Personal information
- Full name: Tatyane Amaro Santos
- Date of birth: 10 May 1995 (age 30)
- Place of birth: Uruaçu, Brazil
- Height: 1.77 m (5 ft 10 in)
- Position: Goalkeeper

Team information
- Current team: Santos
- Number: 31

Senior career*
- Years: Team / Apps / (Gls)
- 2014: Iranduba / 3 / (0)
- 2016: Vitória / 4 / (0)
- 2016: CRESSPOM
- 2017–2018: São José / 26 / (0)
- 2019–2020: Corinthians / 7 / (0)
- 2020: → Nordsjælland (loan) / 8 / (0)
- 2021: Palmeiras / 9 / (0)
- 2022–2025: Cruzeiro / 55 / (0)
- 2026–: Santos / 0 / (0)

= Taty Amaro =

Brazilian footballer (born 1995)

Tatyane Amaro Santos (born 10 May 1995), known as Taty Amaro, is a Brazilian footballer who plays as a goalkeeper for Santos.

==Career==
Born in Uruaçu, Goiás, Taty Amaro began her career with Iranduba in 2014. On 9 January 2019, after playing for Vitória, CRESSPOM and São José, she was announced at Corinthians.

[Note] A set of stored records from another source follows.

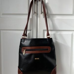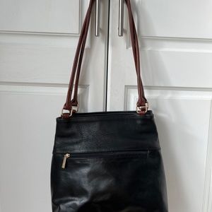 2 large main separate compartments, plus side and interior zipper pockets, very practical and well made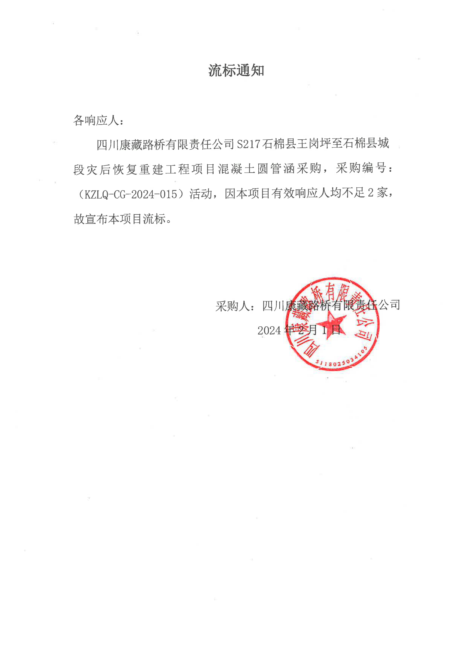 四川康藏路橋有限責(zé)任公司S217石棉縣王崗坪至石棉縣城段災(zāi)后恢復(fù)重建工程項(xiàng)目混凝土圓管涵采購(gòu)流標(biāo)通知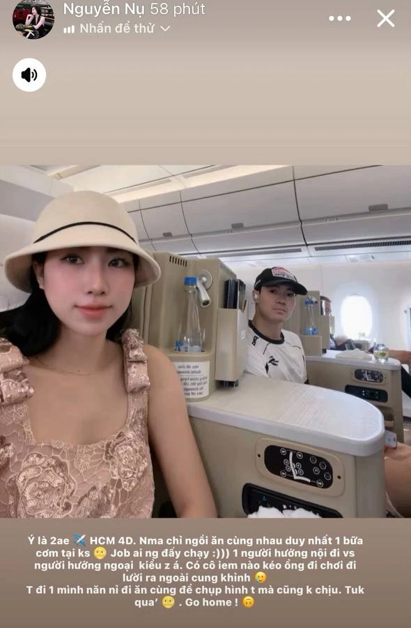 The incident originated from a recent business trip between Ho Chi Minh City. Ho Chi Minh City and Hanoi of Van Toan. Instead of taking advantage of his free time to explore the city with his relatives, this striker chose to "hide" in the hotel. Nguyen Nu, with his lively and outgoing personality, felt helpless in the face of this difference. On her personal page, the hottest sister in football shared a photo of the two brothers sitting next to each other on the plane, accompanied by a witty lament. She said that, although she had four days in Ho Chi Minh City. But the two brothers only shared one meal at the hotel. "It means that 2 brothers stayed in Ho Chi Minh City for 4 days, but only ate 1 meal together at the hotel. Everyone runs jobs, 1 introvert goes with an extrovert like that. There are some sisters who drag him out to play, terribly lazy to go out," Nguyen Nu wrote.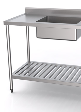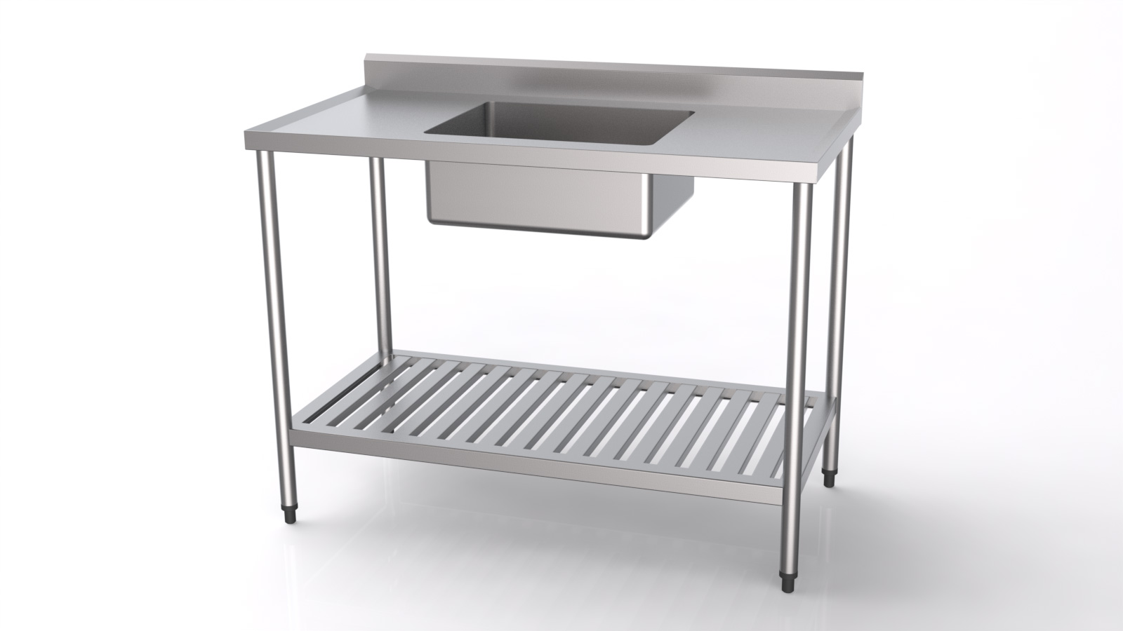 Fabricado em aço inox AISI 304, pés em tubo de 1 1/2 e contraventamento em tubo de 1. Tem frontispício e prateleira gradeada na parte inferior. Acompanha cuba centralizada de 500x400x200mm em aço inoxidável.

On 31 July 2020, after being a third-choice behind Letícia Izidoro and Tainá, Taty Amaro was loaned to Nordsjælland in Denmark. The following 14 January, she returned to her home country and joined Palmeiras.

On 31 January 2022, Taty Amaro signed for Cruzeiro. She would gradually establish herself as a starter, signing several one-year extensions to continue at the club.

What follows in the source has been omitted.